A recent example was Gentrack (ASX:GTK), a dual-listed utility and airports billing software company which acquired a competitor in the UK called Junifer Systems in March 2017. The Junifer Systems management team received a blend of cash and shares and stayed on to work within the larger GTK group. Within six months, the Junifer Systems Managing Director purchased circa $2 million of GTK stock on market. That buying activity proved to be a positive signal for the realisation of revenue synergies, as the GTK share price has almost doubled.
A heavily-discounted rights issue can be a sign of a company in trouble, but it could also be a chance to ‘reset’ the balance sheet or fund a big acquisition. If the market believes a company has a ‘funding hole’, a non-renounceable (non-transferable) rights issue can help mitigate a general sell-off. A rights issue can also be a great barometer for a board and management team’s long-term commitment to the business.
Take for instance TPG Telecom, a great Australian success story. TPG has two large management and director shareholders: CEO and Founder David Teoh and Robert Millner via conglomerate Washington H Soul Pattinson.
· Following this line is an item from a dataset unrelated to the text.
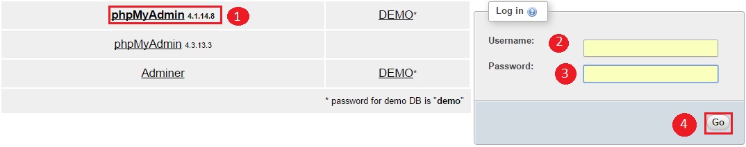- When you have archive of backup ready in your local PC, log in to MySQL administration(1). Fill out username(2)and password(3)- log in by clicking Go(4). Login information were send on your contact e-mail, when the database was created, or you can ask for a new password.

During April 2017, in a $400 million rights issue needed to enter the mobile market, these two pre-committed to take up their full pro-rata entitlements by investing a combined $240 million of after-tax dollars into the business.
Other recent examples have come from founder- and family-led Australian success stories, Reliance Worldwide Corporation (ASX:RWC) and Reece Limited (ASX:REH).
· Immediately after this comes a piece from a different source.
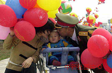 駐澳部隊通訊兵黃立新和前來送行的妻子,一歲的兒子告別。中新社數(shù)碼傳真 王瑤攝

All three of these businesses have delivered strong results, and the leaders are showing confidence that this will continue. Leaders who want to protect their equity position as they grow their businesses are the ones you want to back.
A cynical view on director buying is that sometimes it is done just for market optics. When a director with a minimal shareholding buys a nominal parcel, particularly after negative company news, we give this less weight than a director or manager who acts with conviction with meaningful buying.
We take notice of individuals with an existing large shareholding who are willing to buy more, especially when it is consistent and incremental. Nick Politis of AP Eagers Ltd (ASX:APE) is the master of this. In the ASX announcement records of APE, his change of director interest notices are consistent.
A small-cap business with similar traits is travel agency Helloworld Ltd (ASX:HLO). Managing Director Andrew Burnes and his Executive Director wife Cinzia Burnes own over 30% of issued capital. They do not partake in incentive programmes and pay themselves relatively modest salaries. The outcome is a pure focus on share price and dividend growth, and generating returns for shareholders.
A new CEO appointment is typically accompanied by an announcement to market with the remuneration package containing an incentive plan. It is rare for an incoming CEO or director to commit a substantial pool of capital at the time of appointment. When this does occur, what better sign than buying stock on market to ensure ‘sweat equity’?
When appointed in August 2013, GUD Holdings Ltd (ASX:GUD) CEO Jonathan Ling purchased $500,000 of stock on market within the available trading window post appointment. Five years on and his shareholding has continued to increase whilst a +160% total shareholder return has been generated.
As investors, we are buying into businesses rather than just stocks, and alignment with shareholders from the management and boards is critical. We buy into high-quality, proven management teams with ‘skin in the game’. Some of the actions we have discussed here are too rare a sight on the ASX. We would implore more company principals to demonstrate their long-term commitment by adopting some of the above behaviours.